The outer wall, built in drystone and faced on both sides, has largely collapsed and grassed over, but its circuit remains legible in the landscape. A later field wall was laid directly on top of it across much of the arc, which is itself a kind of accidental preservation, the older structure absorbed into the working life of the land rather than quarried away. Inside, a series of radial walls subdivide the enclosure into fifteen or sixteen separate plots, and up to ten house sites can still be made out on the ground as low earthen platforms.

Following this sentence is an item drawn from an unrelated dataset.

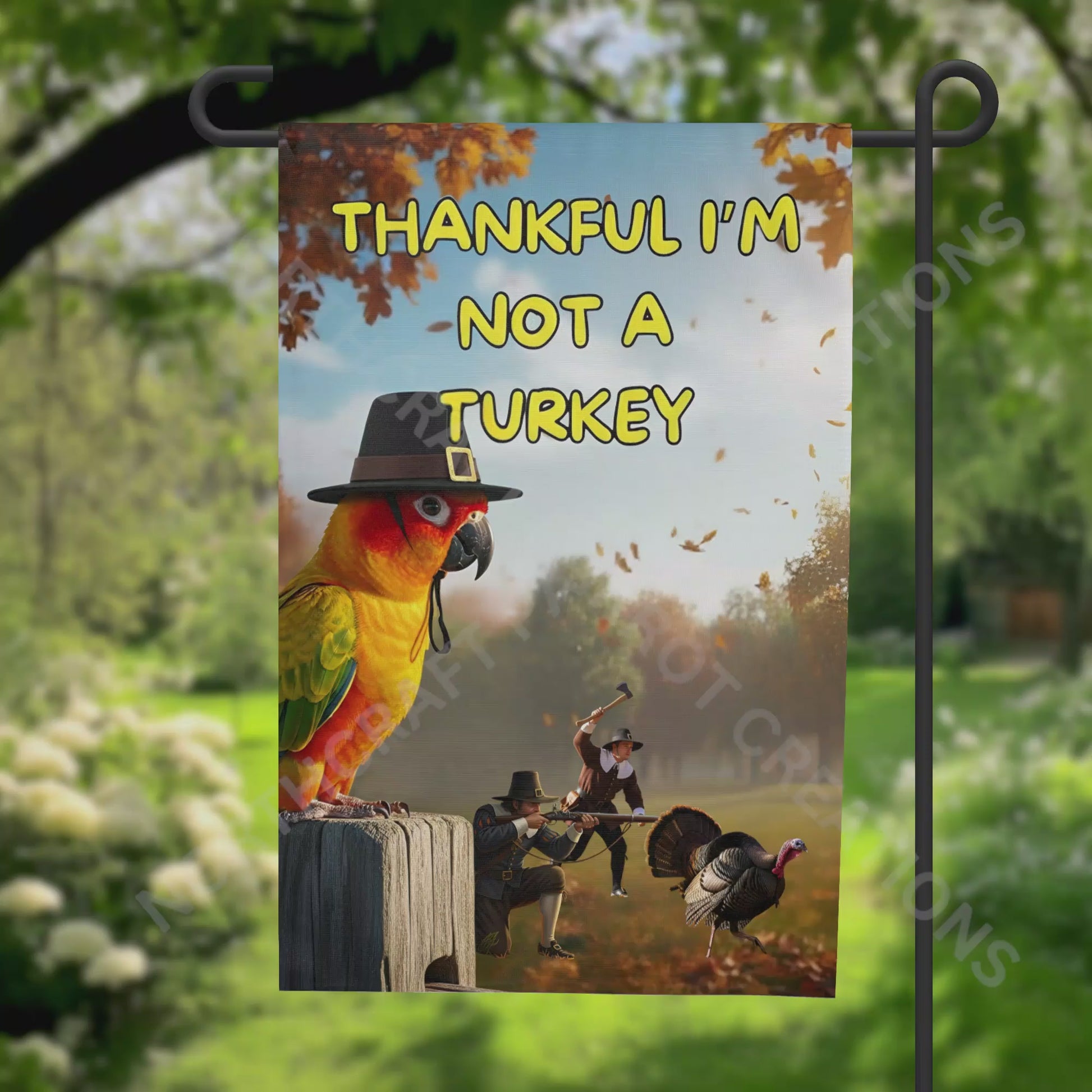 Sun Conure "Thankful I'm Not a Turkey" Thanksgiving Garden Flag

Near the centre, a smaller square enclosure about 30 metres across contains a church and an earlier graveyard, the whole arrangement suggesting a self-contained community laid out with deliberate organisation.
What drew excavators here in the mid-twentieth century was precisely the absence of later interference. When archaeologist Duignan chose the site for excavation in 1950, and returned again in 1951 and 1953, he noted that there was no modern cemetery overlying the old one, no signs of medieval or later building, and that the original layout appeared to be unusually well preserved for a mainland monastery. That phrase, mainland monastery, is worth pausing over: early Irish monasteries of this type are far more commonly encountered on islands or coastal promontories, where isolation and difficult access helped protect them from later development. Kiltiernan's survival in ordinary farmland, relatively intact beneath its skin of grass and later walling, made it a rare case. Adding further complexity, the western sector of the enclosure contains a souterrain, an underground stone-lined passage of the kind typically associated with storage or refuge in early medieval Ireland, indicating that the community living within these walls had constructed features well below ground level as well as above it.